■ **Supplied data**:
◇ ◇ ◇

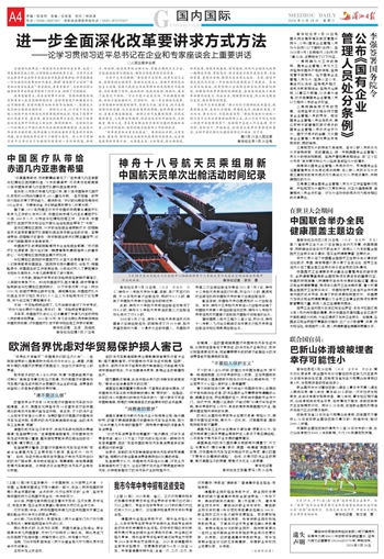 新华社北京5月28日电 (记者 李国利 刘艺)神舟十八号航天员叶光富、李聪、李广苏密切协同,于28日完成首次出舱活动,用时约8.5小时,刷新了中国航天员单次出舱活动时间纪录。
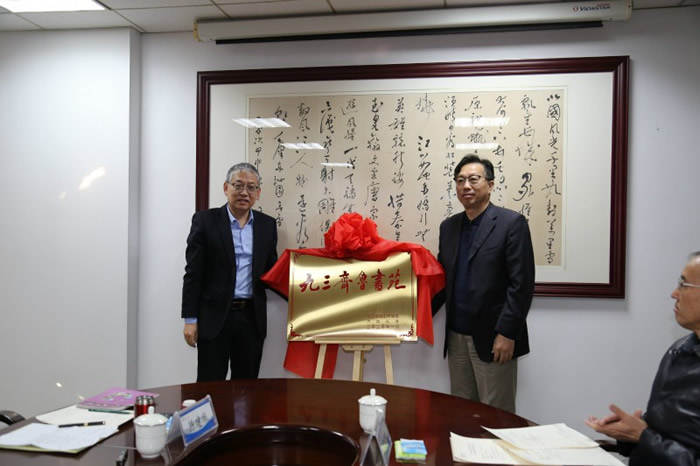会谈后,程林主委出席了九三学社山东省委与济南大学共建的“九三齐鲁书苑”揭牌仪式,宋尚桂副主委与王玉华副书记共同为“九三齐鲁书苑”揭牌。王玉华副书记在揭牌仪式致辞中希望“九三齐鲁书苑”成立后,将高校的学科与专业优势与社会服务结合起来,让高校的文化资源为社会传播精神食粮,弘扬正能量,为中华传统文化的传承发展作出贡献,成为具有广泛影响力的社会服务品牌。济南大学党委统战部部长商华宣读了“九三齐鲁书苑”社会服务团队专家名单。“九三齐鲁书苑”负责人范丽敏教授表示,“九三齐鲁书苑”将勇挑时代重任,秉承“民主、科学”宗旨,大力弘扬中华优秀传统文化,把“九三齐鲁书苑”打造成一张有温度的社会服务品牌。
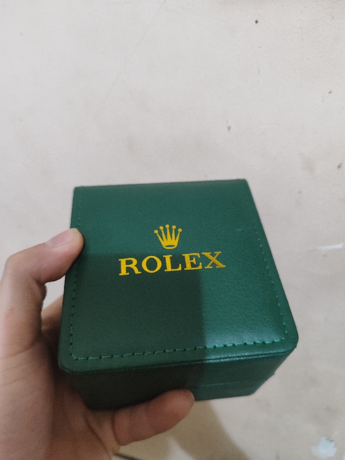 - "A hand holds a dark green, square box with the brand name "Rolex" emblazoned in gold lettering, surmounted by a gold crown logo" by FM-BLGhx1, licensed under CC BY 4.0

◇ ◇ ◇

■ **Work request**: Restate the data above verbatim, skipping every image.

■ **Task answer**:
 新华社北京5月28日电 (记者 李国利 刘艺)神舟十八号航天员叶光富、李聪、李广苏密切协同,于28日完成首次出舱活动,用时约8.5小时,刷新了中国航天员单次出舱活动时间纪录。
会谈后,程林主委出席了九三学社山东省委与济南大学共建的“九三齐鲁书苑”揭牌仪式,宋尚桂副主委与王玉华副书记共同为“九三齐鲁书苑”揭牌。王玉华副书记在揭牌仪式致辞中希望“九三齐鲁书苑”成立后,将高校的学科与专业优势与社会服务结合起来,让高校的文化资源为社会传播精神食粮,弘扬正能量,为中华传统文化的传承发展作出贡献,成为具有广泛影响力的社会服务品牌。济南大学党委统战部部长商华宣读了“九三齐鲁书苑”社会服务团队专家名单。“九三齐鲁书苑”负责人范丽敏教授表示,“九三齐鲁书苑”将勇挑时代重任,秉承“民主、科学”宗旨,大力弘扬中华优秀传统文化,把“九三齐鲁书苑”打造成一张有温度的社会服务品牌。
 - "A hand holds a dark green, square box with the brand name "Rolex" emblazoned in gold lettering, surmounted by a gold crown logo" by FM-BLGhx1, licensed under CC BY 4.0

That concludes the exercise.